- Source data
........
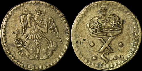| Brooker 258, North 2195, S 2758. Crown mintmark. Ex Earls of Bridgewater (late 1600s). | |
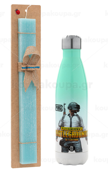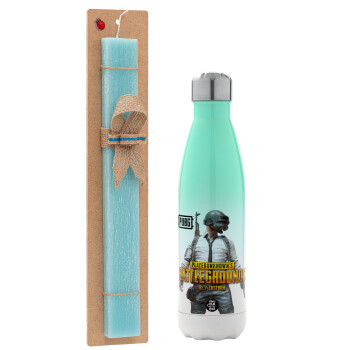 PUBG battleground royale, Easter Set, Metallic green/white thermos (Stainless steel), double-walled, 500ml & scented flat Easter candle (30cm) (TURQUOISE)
........
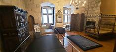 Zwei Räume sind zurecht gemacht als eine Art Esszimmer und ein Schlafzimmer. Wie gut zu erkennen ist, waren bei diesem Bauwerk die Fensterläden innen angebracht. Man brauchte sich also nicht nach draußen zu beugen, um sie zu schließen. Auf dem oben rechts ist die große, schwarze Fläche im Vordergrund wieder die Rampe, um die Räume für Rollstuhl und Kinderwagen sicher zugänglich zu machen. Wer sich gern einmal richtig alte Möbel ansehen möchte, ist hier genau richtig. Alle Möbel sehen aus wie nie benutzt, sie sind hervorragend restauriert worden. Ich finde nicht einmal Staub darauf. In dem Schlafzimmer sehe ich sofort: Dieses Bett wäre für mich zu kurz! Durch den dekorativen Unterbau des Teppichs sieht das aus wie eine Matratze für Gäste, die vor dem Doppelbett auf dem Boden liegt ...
........
- Your objective
Your reply should consist solely of the lines above from the line containing "1600s). | |" up to and including the line containing "PUBG battleground royale, Easter", reproduced exactly, minus the pictures.

- Result of the exercise
| Brooker 258, North 2195, S 2758. Crown mintmark. Ex Earls of Bridgewater (late 1600s). | |
 PUBG battleground royale, Easter Set, Metallic green/white thermos (Stainless steel), double-walled, 500ml & scented flat Easter candle (30cm) (TURQUOISE)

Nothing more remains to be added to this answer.